TV host Dr. Oz, aka, Mehmet Oz, has some advice when it comes to protecting yourself amid the growing coronavirus outbreak.
Some of the heart surgeon's recommendations echo the CDC's prevention guidelines — like washing hands with soap and water for at least 20 seconds, cleaning and disinfecting frequently touched objects and surfaces and avoiding close contact with people who are sick.
But Oz also recommends overall wellness measures to stay healthy: get more than seven hours of sleep per night, exercise for 30 minutes every other day and meditate daily, he said On "The Dr. Oz Show" on March 6.
While there is no science directly linking lifestyle choices and enhanced immunity, a healthy lifestyle is always a good idea.
It's unclear whether or how regular exercises effects the immune system, but it does reduce stress hormones (some kinds of stress can make you more susceptible to illness), keep your heart healthy and it can increase energy levels.
As for meditation affecting the immune response, there's no definitive science. But at least one study, which looked at 20 studies across nearly a 50-year period, shows potential: "Mindfulness meditation likely reduces inflammation and improves health at least in part by relaxing the 'fight-or-flight' stress response, which produces proteins in the body that can drive inflammation," Dr. George Slavich, Director of the UCLA Laboratory for Stress Assessment, who conducted the 2016 study tells CNBC Make It.
However Slavich says more research is needed for a clearer understanding of the findings and to "replicate these effects and to determine how they occur."
Oz also recommends adding food like vegetables and fruits to your diet. And research shows that some vegetables, like spinach and red peppers, as well as fruits like blueberries and kiwi, may help strengthen the immune system.

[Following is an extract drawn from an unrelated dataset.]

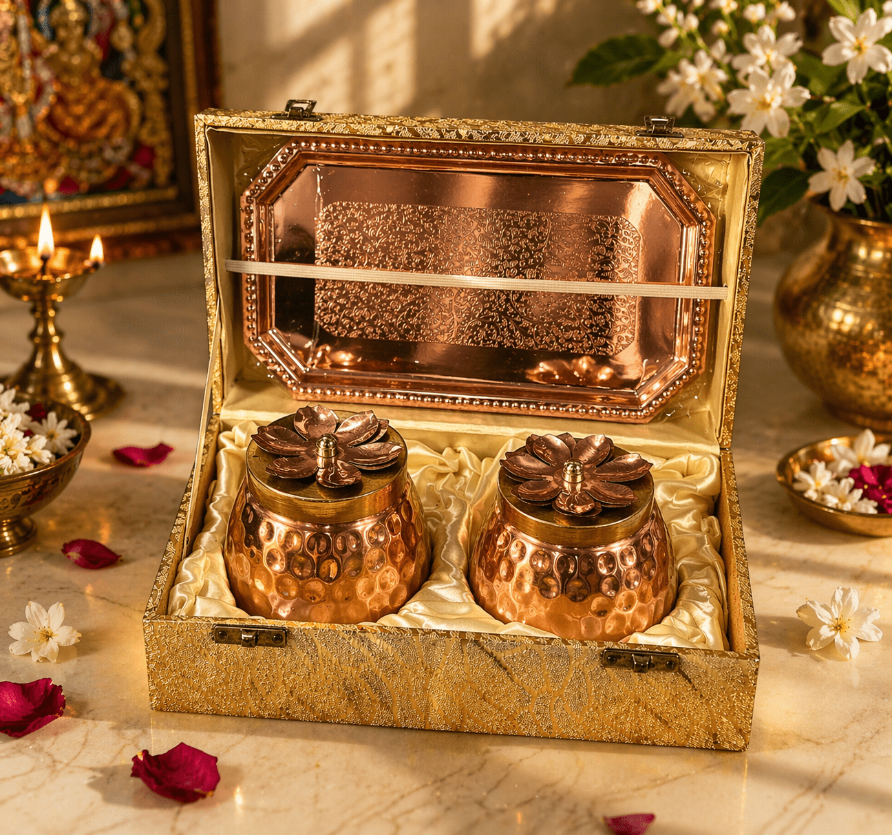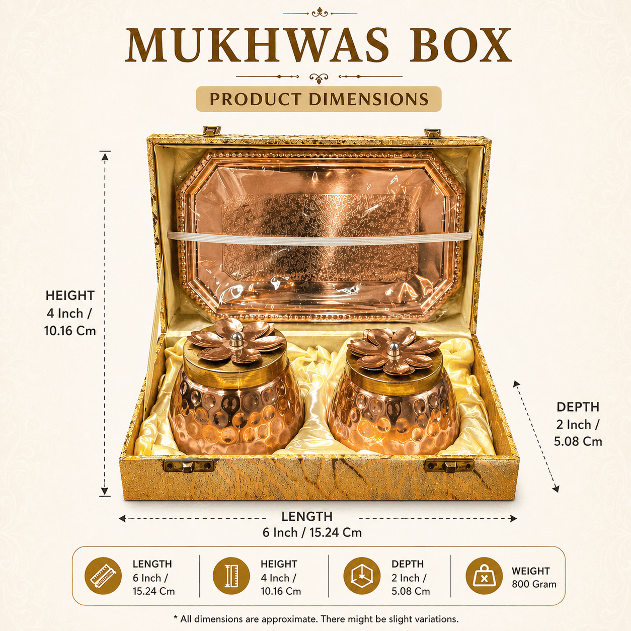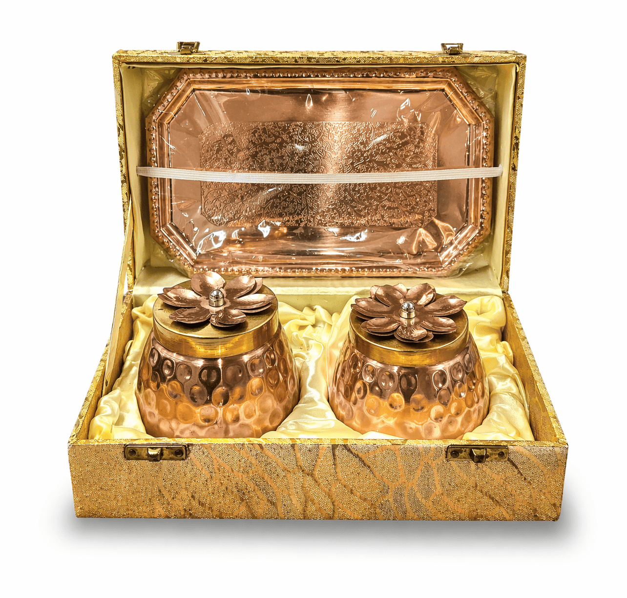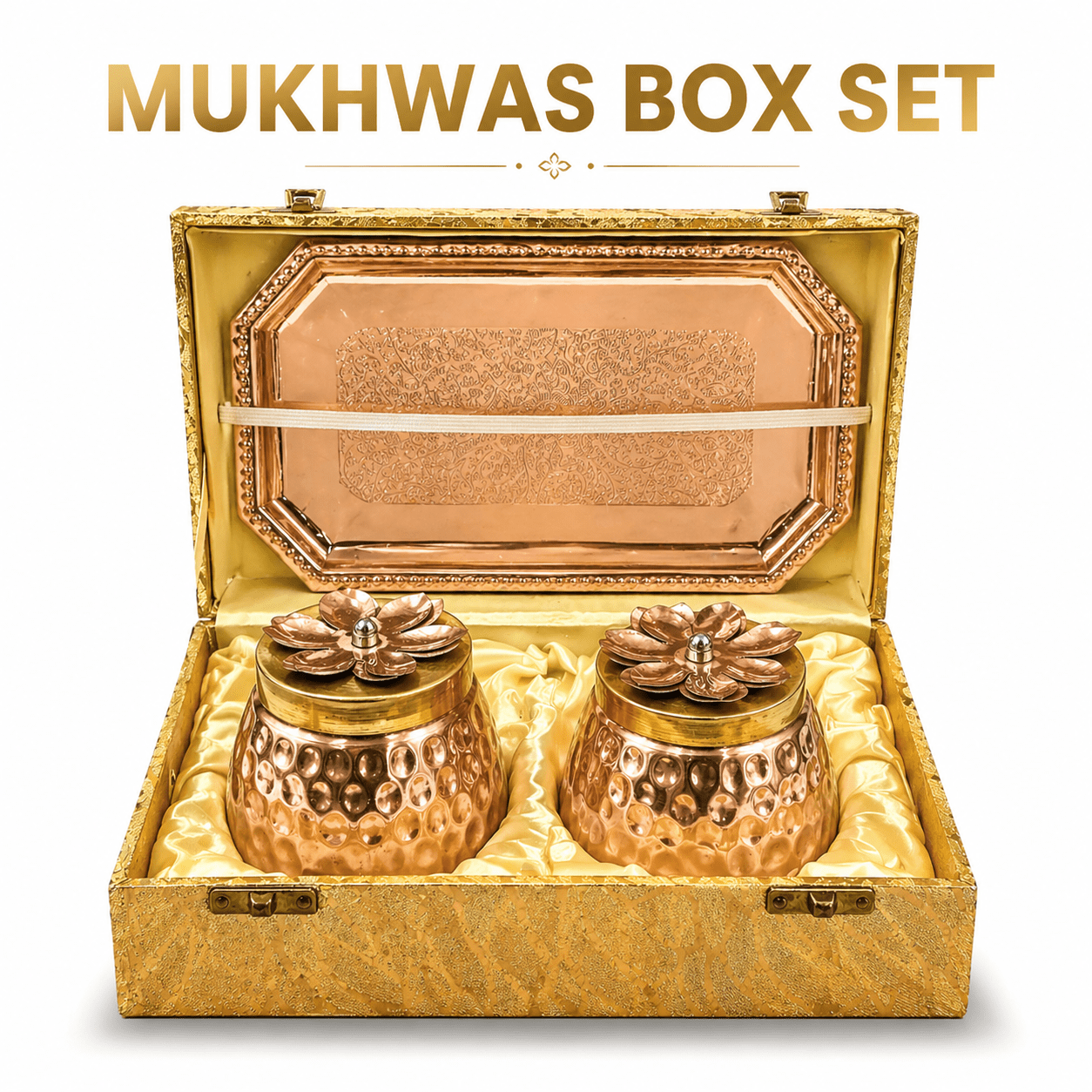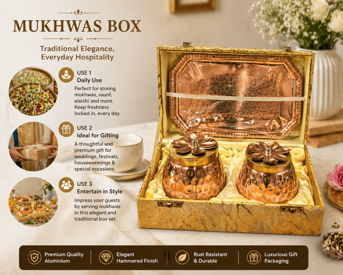 Add elegance and tradition to your hospitality with this beautifully crafted Premium Aluminium Mukwas Box Set with Tray. Designed with a stunning hammered finish and a rich copper-tone shine, this set includes two storage containers and a decorative serving tray, all presented in luxurious gift packaging. It is the perfect combination of functionality and aesthetic appeal, making it ideal for both everyday use and special occasions.

However, at least one recommendation that Oz made may be inaccurate. Oz advised using a humidifier or HEPA filter to improve air quality and decrease the number of virus particles in the air. But "[y]our typical HEPA filter is not going to be able to remove coronavirus from the air," Erin Sorrell, an assistant professor of microbiology and a member of Georgetown's Center for Global Health Science and Security, told Buzzfeed News, explaining that the virus is too small.
A spokesperson for Oz told CNBC Make It "while air filtration can't eliminate viruses, it is a recommended as a tool to improve air quality and reduce the risk of coronavirus transmission," citing a New York Times op-ed by Joseph Allen an associate professor at the Harvard T.H. Chan School of Public Health. The Times piece argues that "proper ventilation, filtration and humidity reduce the spread of pathogens like the new coronavirus." The spokesperson also noted certain HEPA filters are part the CDC's coronavirus protocol for filtering air from isolation rooms.
This story has been updated to include comments from a spokesperson for Oz.